START Records for this task

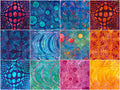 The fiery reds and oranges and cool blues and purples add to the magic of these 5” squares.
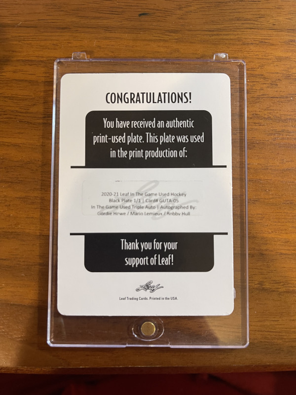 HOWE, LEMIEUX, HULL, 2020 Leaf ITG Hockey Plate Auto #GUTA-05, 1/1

END Records for this task
START Records for this task

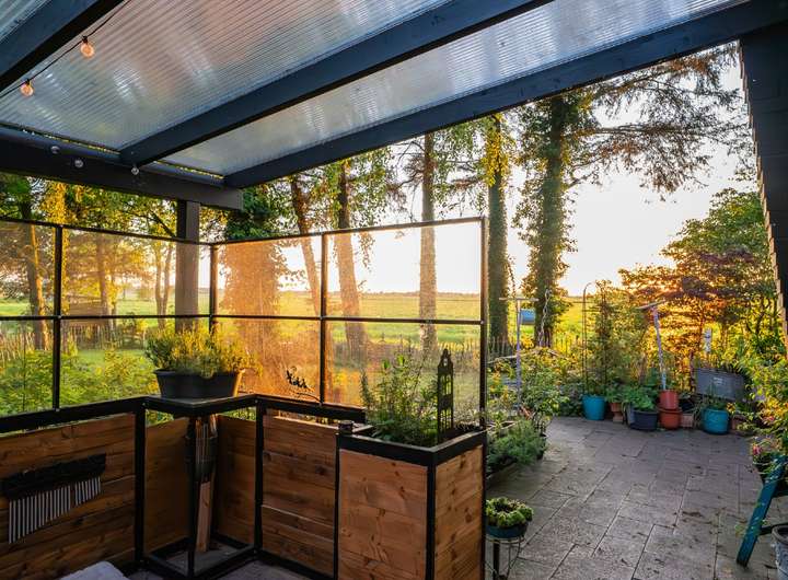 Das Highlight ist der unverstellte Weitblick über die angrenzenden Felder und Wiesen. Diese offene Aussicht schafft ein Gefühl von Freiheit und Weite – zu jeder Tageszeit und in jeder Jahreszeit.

END Records for this task

* [Aim of the task] Give again the lines of the listing above that run from the one with "The fiery reds" up to and including the one with "HOWE, LEMIEUX, HULL, 2020". Keep them exact and omit the pictures.

* [Answer space]
 The fiery reds and oranges and cool blues and purples add to the magic of these 5” squares.
 HOWE, LEMIEUX, HULL, 2020 Leaf ITG Hockey Plate Auto #GUTA-05, 1/1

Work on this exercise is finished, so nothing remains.